- Born: 1979 (age 46–47) Helsinki, Finland
- Education: Aalto University Gerrit Rietveld Academie
- Known for: Photography

= Saana Wang =

Finnish fine art photographer

Saana Wang (born 1979 in Helsinki) is a Finnish fine art photographer. She graduated from the Gerrit Rietveld Academie in 2004, the Photo Global Program of the School of Visual Arts in New York, and the Aalto University School of Arts, Design and Architecture in Helsinki, Finland.

In her photographs, Wang depicts the changing of social structure and city urbanization in modern China. Wang uses the masks of the traditional Beijing opera to transform the local Chinese residents into fictional characters. As a decisive step towards defamiliarization, she turns the people's spare living rooms into a stage. Wang conveys multilayered reality that express structures of power as well as tensions between the different elements in the picture.

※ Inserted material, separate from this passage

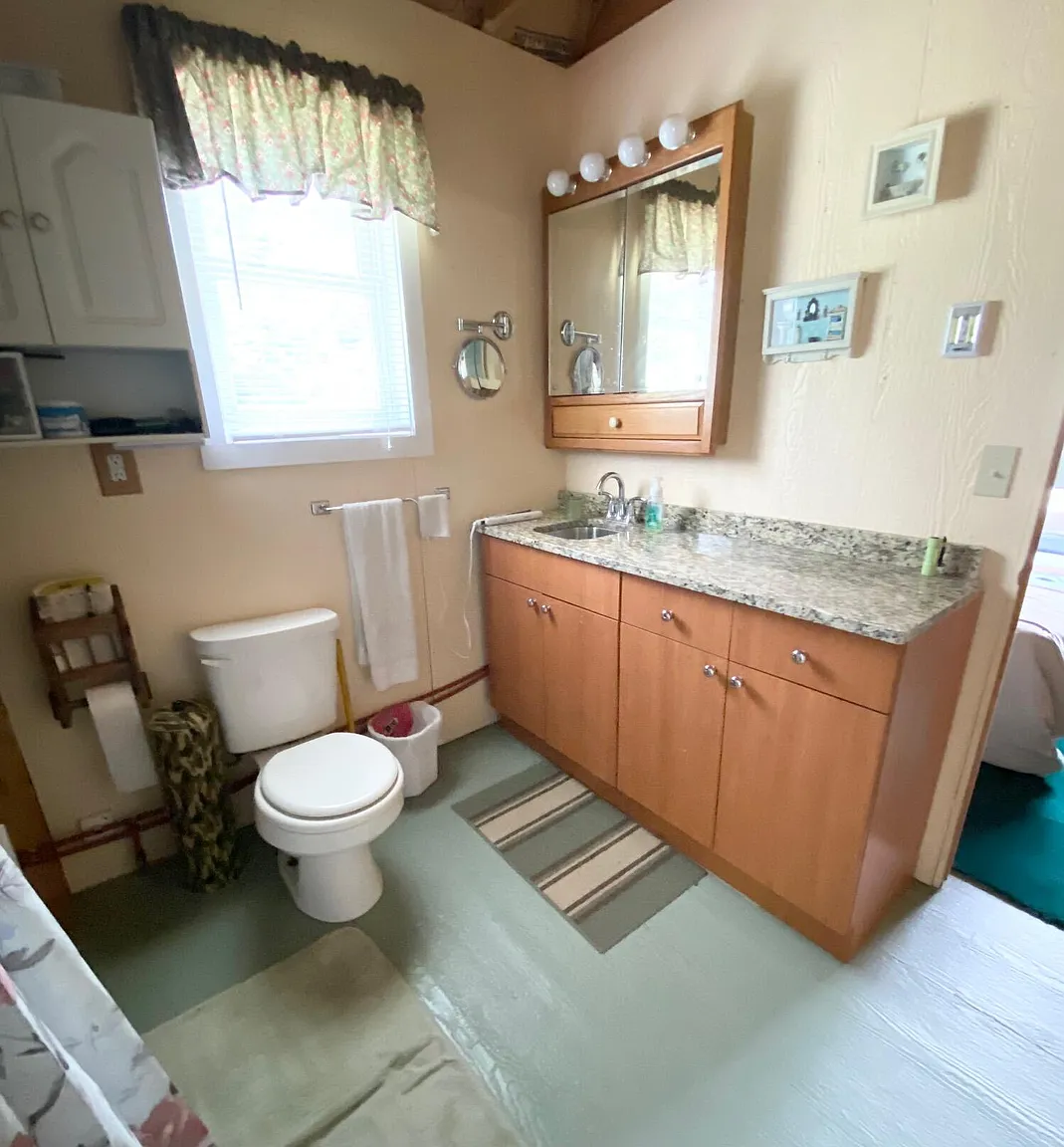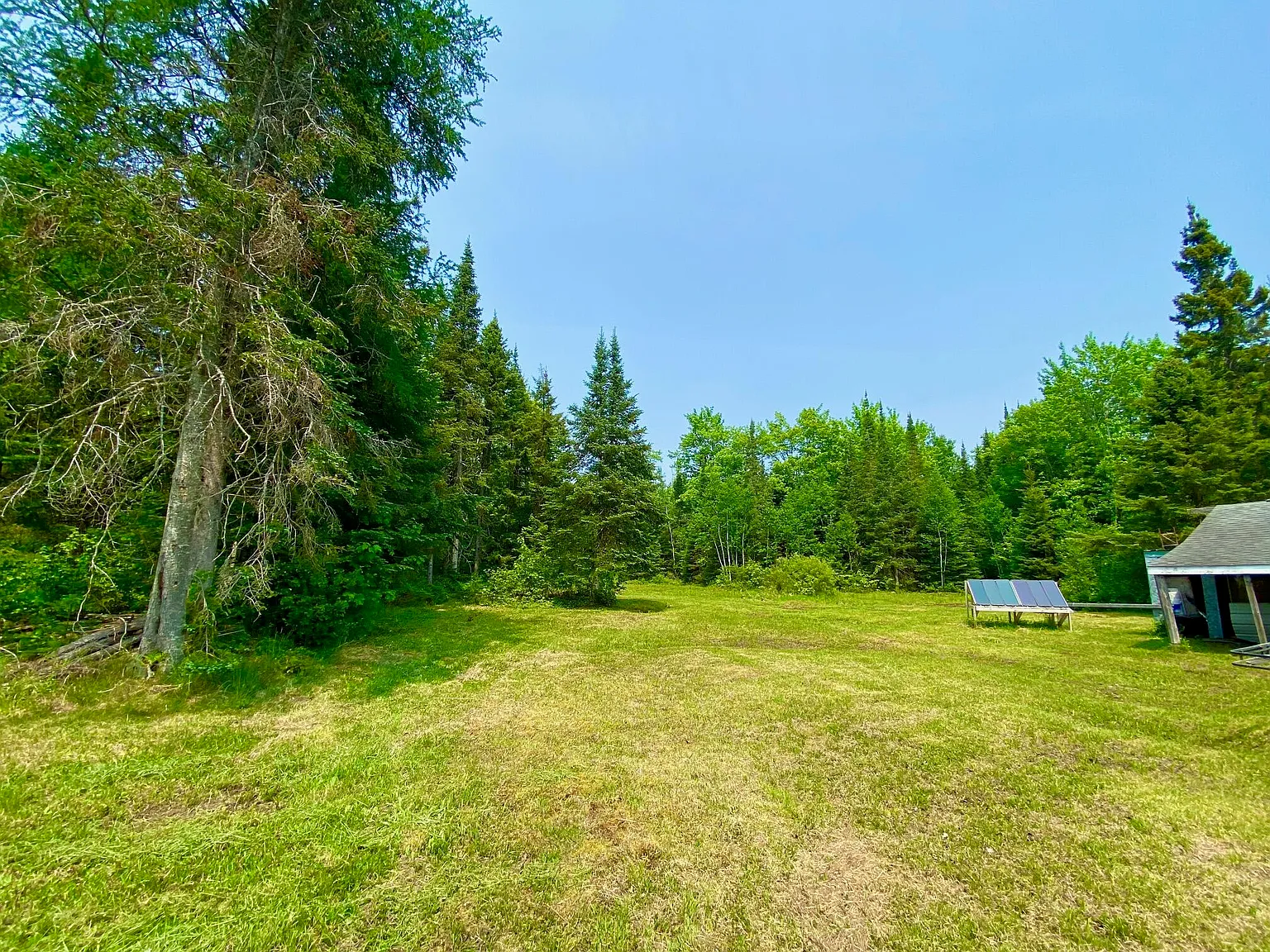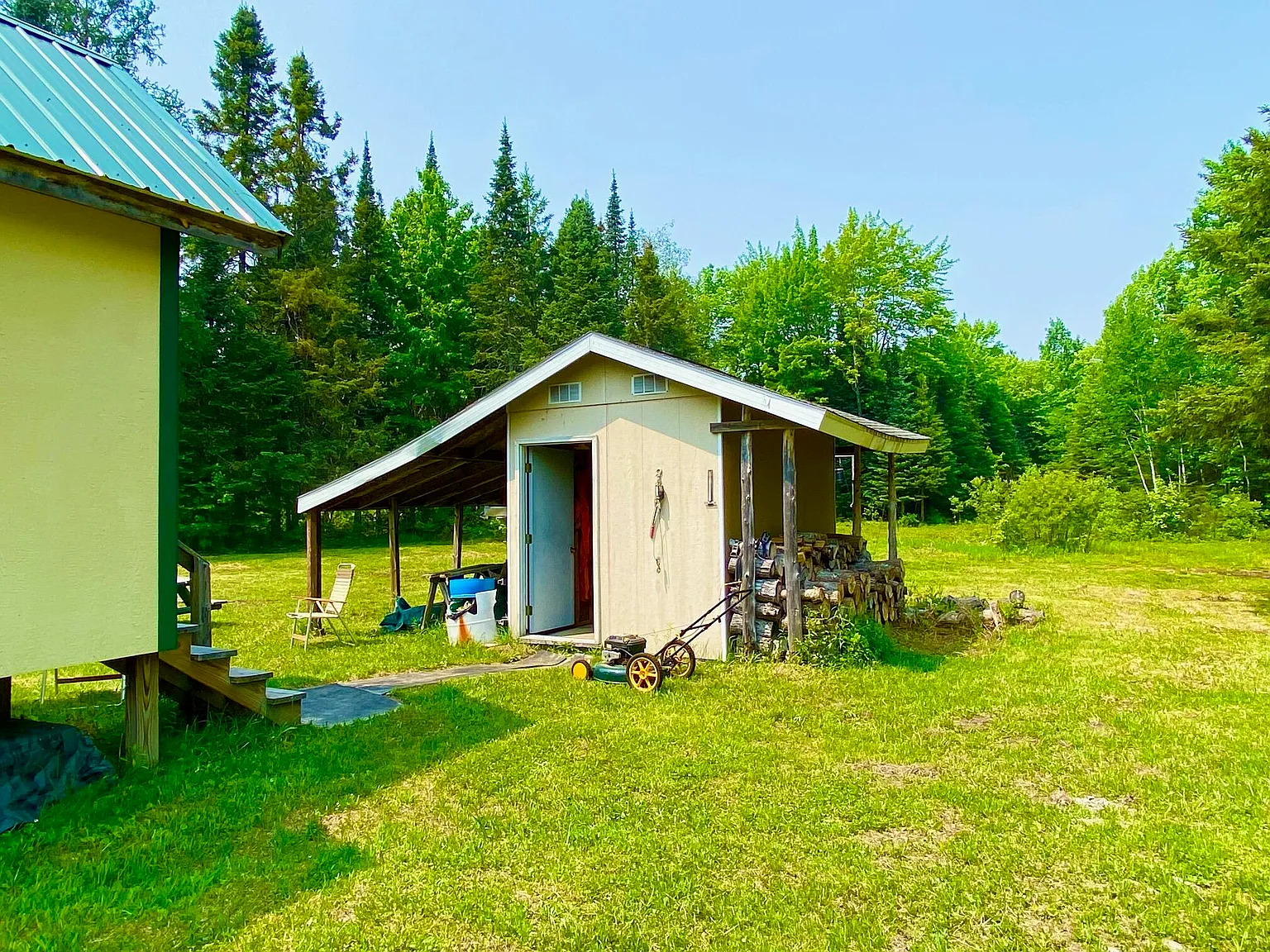 Water is handled with a 5″ flowing well providing fresh water, plus indoor plumbing. Power comes from a Honda generator, and the cabin includes both a wood stove and a wall furnace for warmth through fall and winter. The listing is truly turn key, with furnishings, linens, appliances, a solar array, and even a boat with outboard motor included.

Wang has had exhibitions in New York City, European countries such as Finland, Germany, Denmark, Switzerland, as well as East Asia. Wang won the International Photography Prize International Talent Support – Photo Award 2009. Wang is part of the "photographic movement The Helsinki School". She is often invited to participate panel discussions in institutions such as The American-Scandinavian Foundation (known as Scandinavian House) in Manhattan, NY.

Wang lives and works in New York City. She has also lived in Beijing, China.